Reputation: 954
I have a problem. I am trying to find device names in a string. All the device names that I am looking for are stored in a List. There is one thing very important in what I want:
Now the problem I have is this:
I have two devices (Fan
and Fan Light
). When I give the command: Turn on Fan Light
both devices have been found, but I want only Fan Light
to be found. I tried checking all the devices that have been found and set the longest one as found device like this:
# Create 2 dummy devices
device1 = {
"name": "fan"
}
device2 = {
"name": "fan light"
}
# Add devices to list
devices = []
devices.append(device1)
devices.append(device2)
# Given command
command = "Turn on fan light"
foundDevices = []
# Search devices in sentence
for device in devices:
# Splits a device name if it has multiple words
deviceSplit = device["name"].split()
numOfSubNames = len(deviceSplit)
# Checks for every sub-name if it is found in the string
i = 0
for subName in deviceSplit:
if subName in command:
i += 1
# Checks if all names where located in string
if i == numOfSubNames:
foundDevices.append(device["name"])
# Checks if multiple devices have been found
if len(foundDevices) >= 2:
largestNameLength = 0
# Checks which device has the largest name
for device in foundDevices:
if (len(device) > largestNameLength):
largestName = device
largestNameLength = len(device)
# Clears list and only add longest one
foundDevices.clear()
foundDevices.append(largestName)
print(foundDevices)
But that gives a problem when I say for example: "Turn on Fan Light and the Fan", because that command does contain multiple devices.

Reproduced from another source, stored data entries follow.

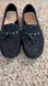 Classic black loafers with tie lace detail. Comfortable and stylish for any occasion. See pics-paired with Nike for extra support. Shoes are structurally sturdy. No holes, no tears. See pictures for some marks on the suede.
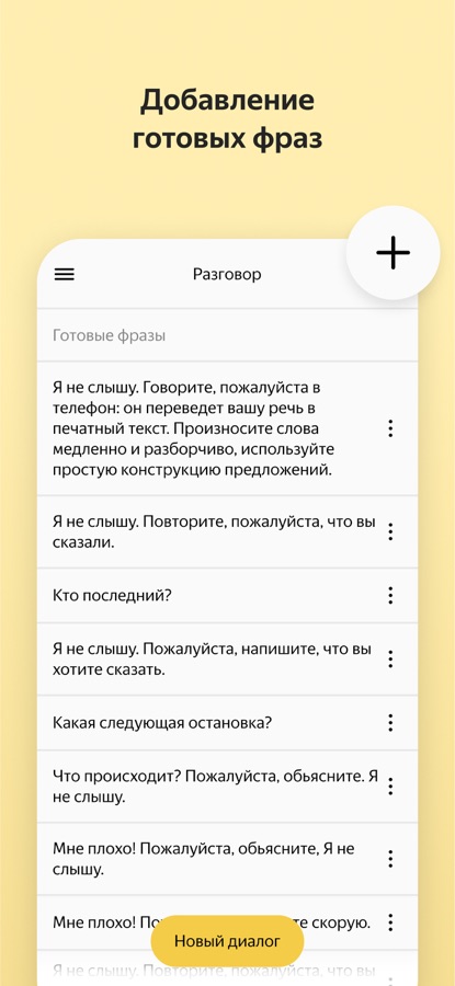 В приложении есть и готовые реплики: например, если вам надо начать разговор, занять очередь в магазине или попросить о помощи. Вы также можете добавить в список свои варианты.
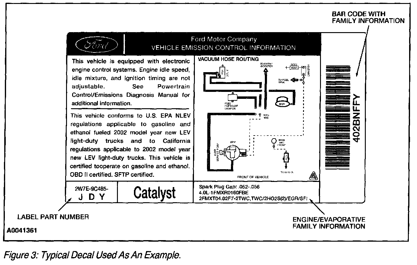 Both the engine family name and the evaporative family names are listed in the box on the emission decal as indicated in Figure 3 and 4, in the area marked as engine/evaporative family information. The first line is the spark plug information. The second line contains the engine size and the evaporative family name (12 characters). The third line contains the engine family name (12 characters) and other vehicle specific information.
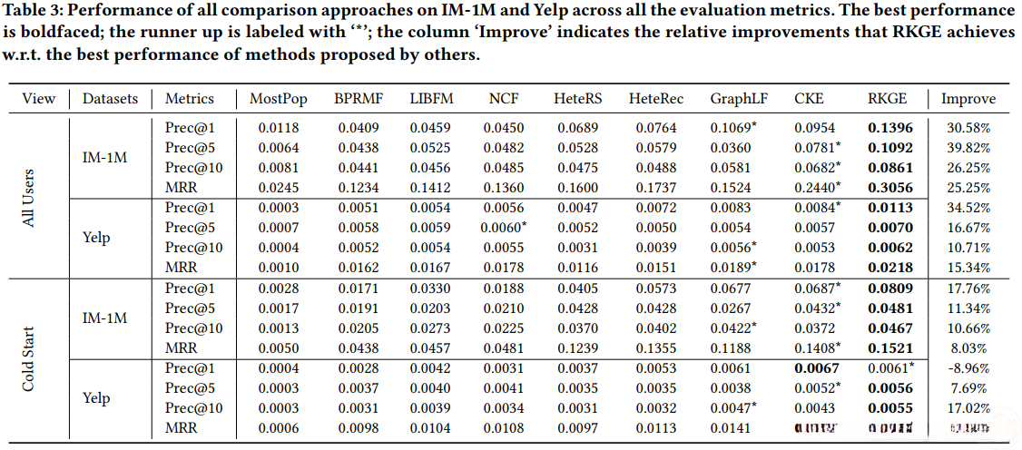 最后将推荐层与网络无缝集成,以通过端到端方式对RKGE进行训练。
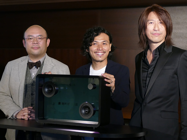 (株)SIXは、音楽と同期して筐体に歌詞が表示されるIoTスピーカー「Lyric speaker」の完成披露記者発表会を、東京・伊勢丹新宿店メンズ館にて開催。ゲストにロックバンド・GLAYのTAKURO氏も登壇し、開発者らとのトークセッションを行った。
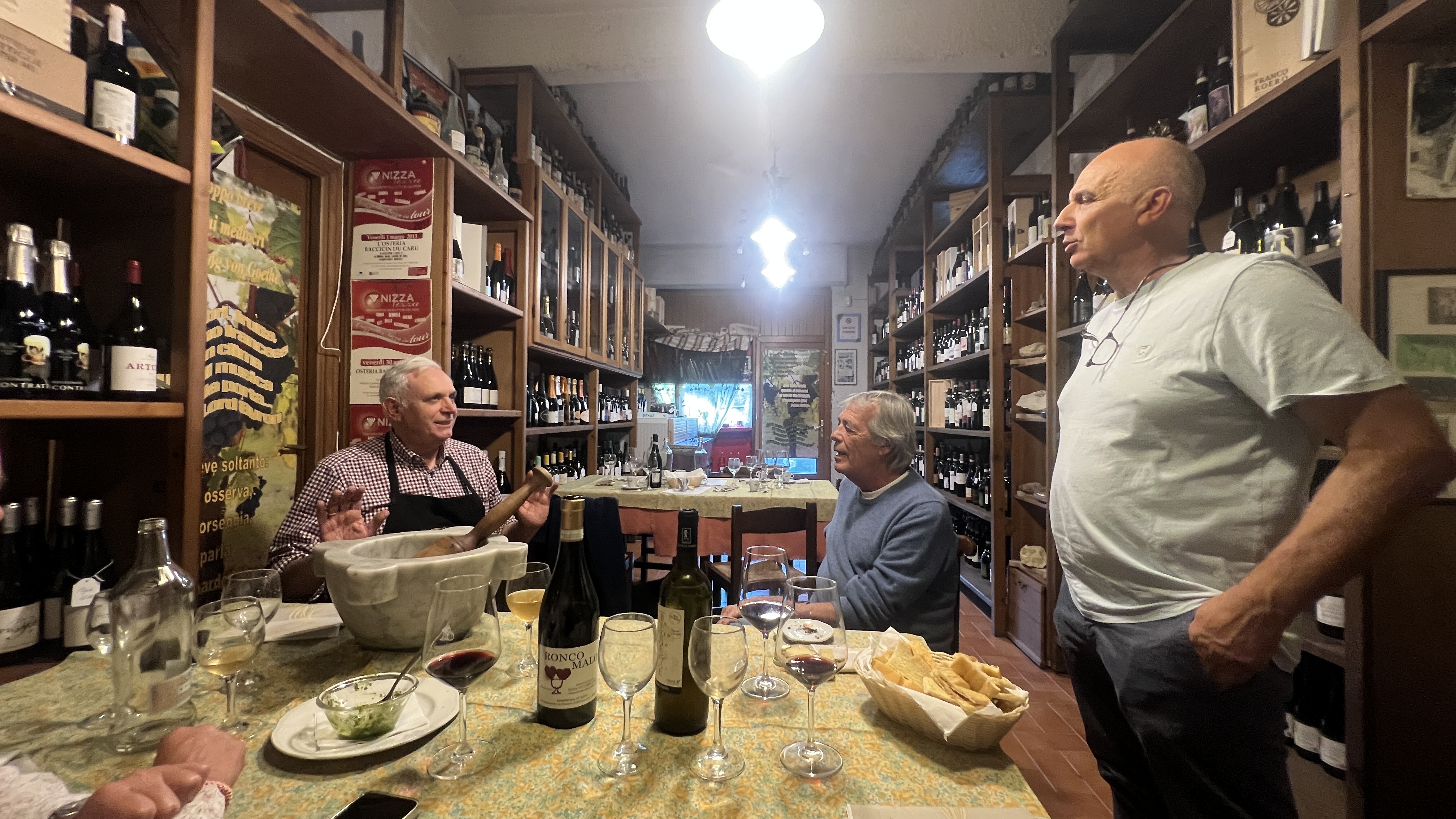 Nach einem Rum bei ihm im Büro, seinen legendären Hampden 1959, meinte Luca mit leuchtenten Augen: „Heute gehen wir etwas ganz Besonderes essen! Zu einem alten Freund von mir. Er macht das beste Pesto in ganz Italien. Als ich ihn angerufen habe, meinte er, dass sein Restaurant heute ausgebucht ist. Aber als ich ihn gebeten habe, dass ich unbedingt mit euch kommen möchte, meinte er dass er uns ein Platz neben an im Weinlager deckt, wo normalerweise nur die Familie ißt.“

How can I scan for devices the way I want?
Upvotes: 1
Views: 78
Reputation: 5301
You can use the python regex
module instead of the re
module (to improve upon RichieV's nice answer), if you don't want to rely on sorting the list of devices to ensure the correct result.
The problem with re
is, is that it is not POSIX compliant and thus, the pipe operator |
will not ensure that the longest leftmost match is returned (see also How to order regular expression alternatives to get longest match?).
However, in regex
you can specify (?p)
before a regex pattern to ensure POSIX matching.
Altogether
import regex
devices = [{'name': 'fan'}, {'name': 'fan light'}]
test_cases = [
'Turn on fan light',
'Turn on fan light and fan',
'Turn on fan and fan light',
'Turn on fan and fan',
]
transformed = {dev: name for x in devices for name, dev in x.items()}
pattern = '|'.join(transformed)
for command in test_cases:
matches = regex.findall(r'(?p)'+pattern,command)
print(matches)
will give you
['fan light']
['fan light', 'fan']
['fan', 'fan light']
['fan', 'fan']
regardless of the order of the dictionaries in devices
.
Upvotes: 1
Reputation: 5183
A regular expression search is one way of quickly doing what you want, with a pattern made from the different device names.
import re
def find_with_regex(command, pattern):
return list(set(re.findall(pattern, command, re.IGNORECASE)))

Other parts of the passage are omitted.